Fixes missing write barriers when assigning into a multi-cache, which caused various crashes.
14:52
brrt jnthn++ 14:53
jnthn Hopefully spectest comes out a bit better now :)
Yup :) 14:57
nwc10 ASAN's verdict might still be "a dead mouse on your carpet" 14:59
(it's running)
jnthn Maybe, though if it is then the issue is well hidden 15:01
The spectest run had both FSA and GC debugging on
OK, so...we have a new multi-dispatch cache :)
Which knows about nameds, in theory :) 15:02
timotimo does it already make that benchmark liz recently showed a bunch of times faster?
jnthn No
Because Rakudo's multi-dispatch code doesn't yet take advantage of it.
It assumes it can't install things with named args into the cache. 15:03
lizmat jnthn: where would that need to be fix? in src/Perl6 ?
timotimo ah, ok
might be in the BOOTSTRAP or near that
jnthn lizmat: Yeah, src/Perl6/Metamodel/BOOTSTRAP.nqp or so
lizmat: I need to look at the code there carefully 'cus it's been a little while
lizmat stuff like bind_ons_param and so ? 15:04
*one
jnthn No, that's sig binding
Closer to find_best_dispatchee
lizmat ah, ok
jnthn lizmat: I *think* it'll need to tease apart "needs a bind check just to validate nameds" from "needs a bind check because of unpacks or constraints"
Which I believe are conflated at the moment 15:05
timotimo oh, could find_best_dispatchee run super crazy often in many of my tests just because nameds are involved?
lizmat timotimo: yes
timotimo i should have known :)
jnthn Quite possibly.

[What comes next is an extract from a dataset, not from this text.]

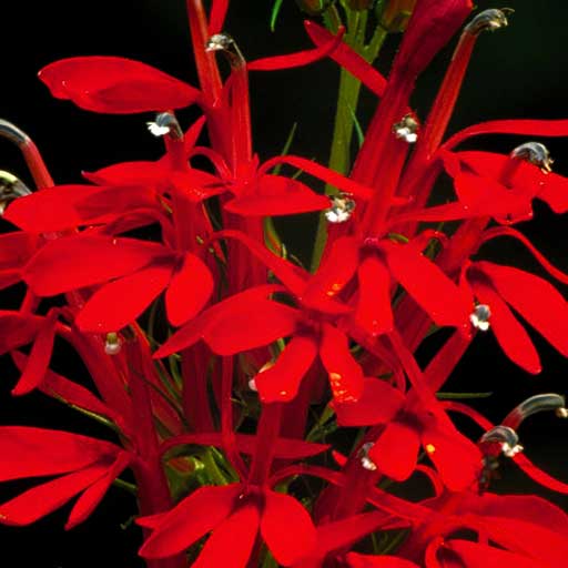Lobelias are very showy perennials and produce large amounts of nectar. Although bees cannot see the red cardinal flower, bumble bees are attracted to the blue lobelias. Lobelias can be found naturally in areas with moist soil; however, they adapt well to a garden setting with some additional water. These plants may prefer a little afternoon shade in the South and may benefit from being in the shadow of a taller plant.

I mean, @a[$foo]:exists is the classic example
And what triggered me to do something about it.
timotimo i have the feeling nobody bothered to tell me about that :P
jnthn Well, it's about to change, so... :P 15:06
timotimo yay :)
jnthn The new cache is kinda interesting.

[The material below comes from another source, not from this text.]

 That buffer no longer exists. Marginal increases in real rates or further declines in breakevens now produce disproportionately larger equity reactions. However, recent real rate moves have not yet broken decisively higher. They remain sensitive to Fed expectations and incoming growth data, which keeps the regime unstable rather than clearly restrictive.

It's structured as a tree rather than an array of array of type tuples
So it should be a bit lighter on memory, and a bit faster to search in 15:07
timotimo very cool
jnthn It hashes on the memory address of the interned callsite
To find the tree top 15:08
It also doesn't have a size limit.
timotimo ooooh 15:09
jnthn Which is a trade-off :)
timotimo right, we still don't have a clue how to clear those out
jnthn Well, one idea is just to say "if it gets huge, throw it away"
timotimo right
only the ones that show up often will get back in, then 15:10
jnthn And it'll be reconstructed with stuff the program is currently interested in.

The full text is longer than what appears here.